Yawn. He has “earned a dismissal”, and ANYONE would surely agree, brought to you by the same person who said: “The Texans were 3-13-1 in '22; they had no business winning 10, 10 and 12 games in the subsequent seasons. That's not how rebuilds go.” I’m curious as to how you think they accomplished this unprecedented rebuild (your words not mine) while simultaneously logging “far more misses than hits” (also your words)? This is surely one of the great NFL mysteries of our time if true, right?
Barring trading CJ, the focus needs to be on how management rehabilitates him. If CJ falls on his face again then we can draft a replacement in the 27' draft, which should have many promising QB prospects.

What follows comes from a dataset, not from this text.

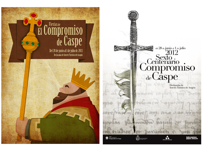 Por tercera vez consecutiva, Veintiocho Estudio Creativo ha sido el encargado de realizar este año el cartel de la Conmemoración del Compromiso de Caspe. Como todos sabemos, estas fiestas, declaradas de interés turístico de Aragón son unas de las más importantes de la provincia, y recrean durante tres días el compromiso por el cual Fernando I (abuelo de Fernando el Católico) fue elegido Rey de la Corona de Aragón.

If I'm Cal McNair, I'm asking how my management team ruined an all-pro, rookie, QB in only two seasons. I mean, we can draft another QB but will Houston's coaching staff destroy him too?
Apologies. I assumed I was addressing someone who realized that Culley and Lovie weren’t hired as anything more than placeholders. The point I until now assumed was obvious was this - teams often hire coaches to get them through down periods when they know they have no chance of being good (David Culley, Bo Porter), before settling on a long term solution (Demeco Ryans). I’ll be sure to spell it out more clearly in the future for those who have trouble fathoming such advanced concepts.
By re-signing CJ longterm, McNair and Caserio are acknowledging that Houston management is largely responsible for his ruin. Undoubtedly they are working hard behind the scenes to rectify their horrific failure with CJ, and that is great news because we know that he can be great.
If the guaranteed portion is low, a CJ extension now perhaps wouldn't be the worst thing in the world. Not rushing it, though.